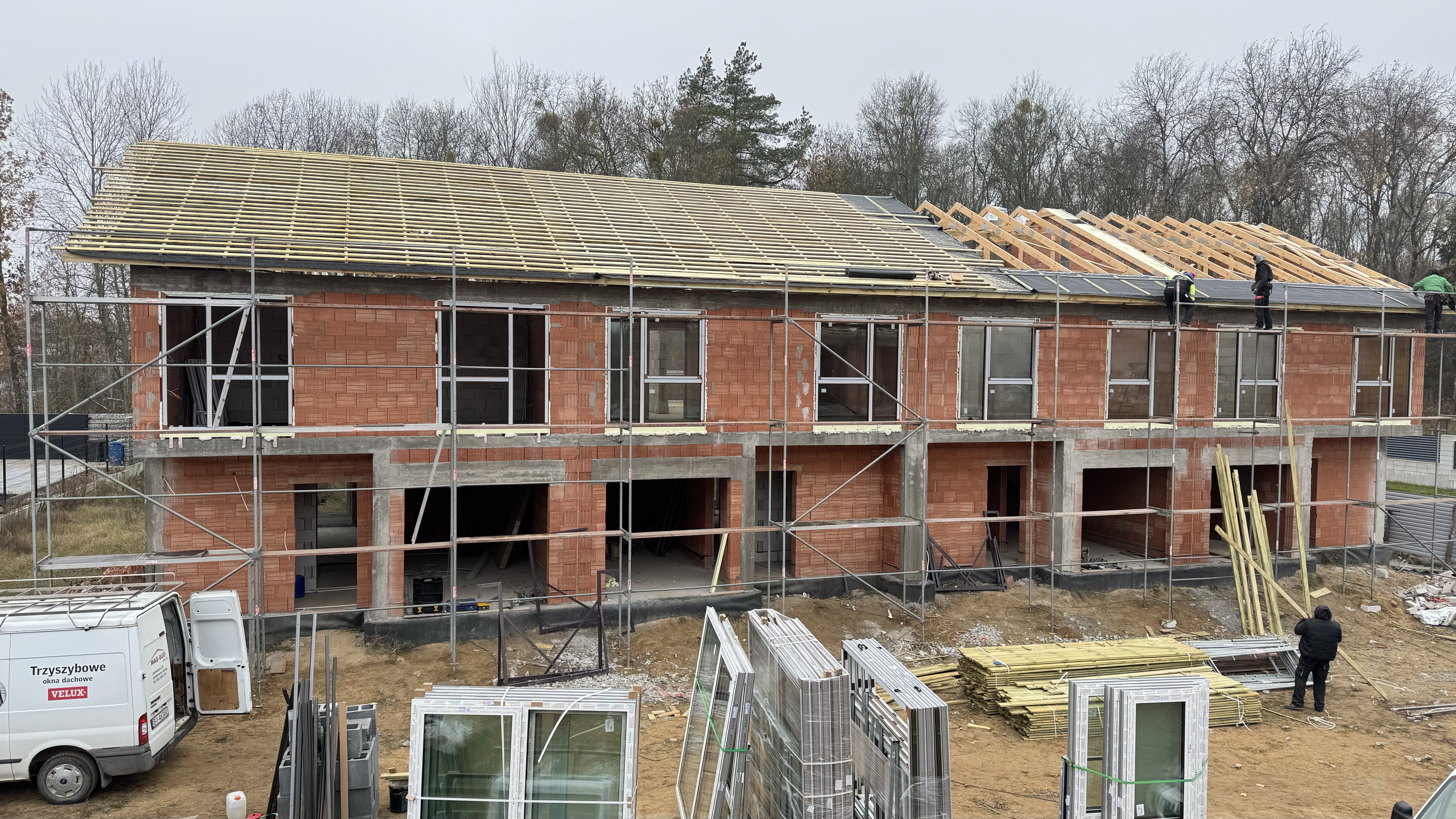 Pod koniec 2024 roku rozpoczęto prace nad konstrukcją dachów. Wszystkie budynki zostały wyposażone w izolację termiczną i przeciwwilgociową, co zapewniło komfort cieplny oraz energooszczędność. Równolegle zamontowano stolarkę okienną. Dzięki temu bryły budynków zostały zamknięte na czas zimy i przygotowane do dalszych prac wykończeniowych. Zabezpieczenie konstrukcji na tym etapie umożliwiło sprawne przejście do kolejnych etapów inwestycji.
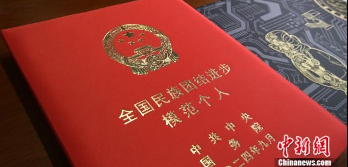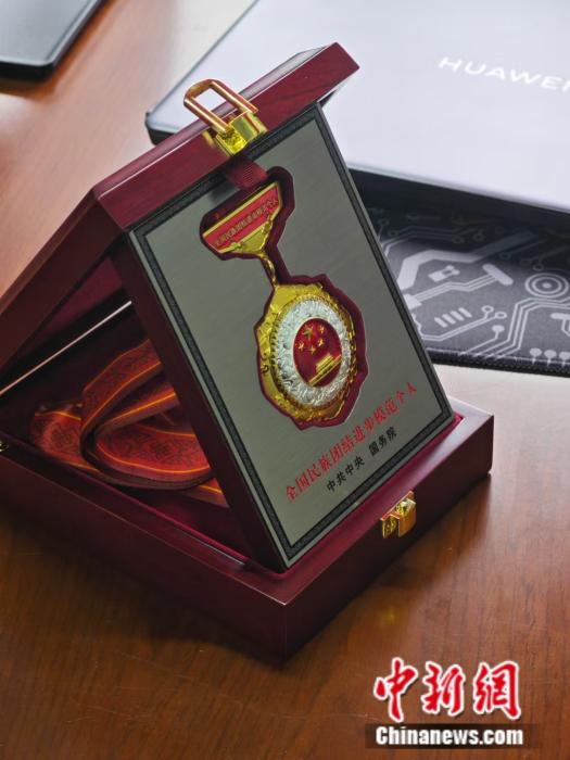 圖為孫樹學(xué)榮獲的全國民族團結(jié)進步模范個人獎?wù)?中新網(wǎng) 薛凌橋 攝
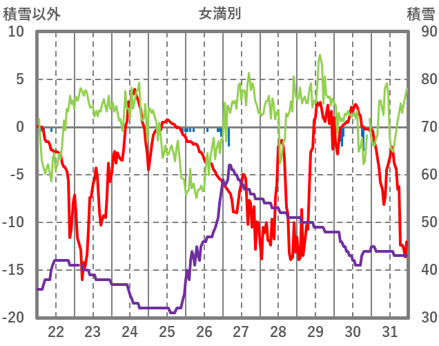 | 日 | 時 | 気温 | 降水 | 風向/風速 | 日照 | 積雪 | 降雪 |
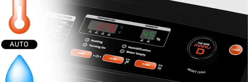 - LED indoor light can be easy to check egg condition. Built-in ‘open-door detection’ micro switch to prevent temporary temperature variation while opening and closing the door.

=== WHAT TO WORK ON ===
Set down the line containing "日照 | 積雪 | 降雪 |" and every line after it up to the end of the material, exactly as written, but not the pictures.

=== RESULT OF THE EXERCISE ===
 | 日 | 時 | 気温 | 降水 | 風向/風速 | 日照 | 積雪 | 降雪 |
 - LED indoor light can be easy to check egg condition. Built-in ‘open-door detection’ micro switch to prevent temporary temperature variation while opening and closing the door.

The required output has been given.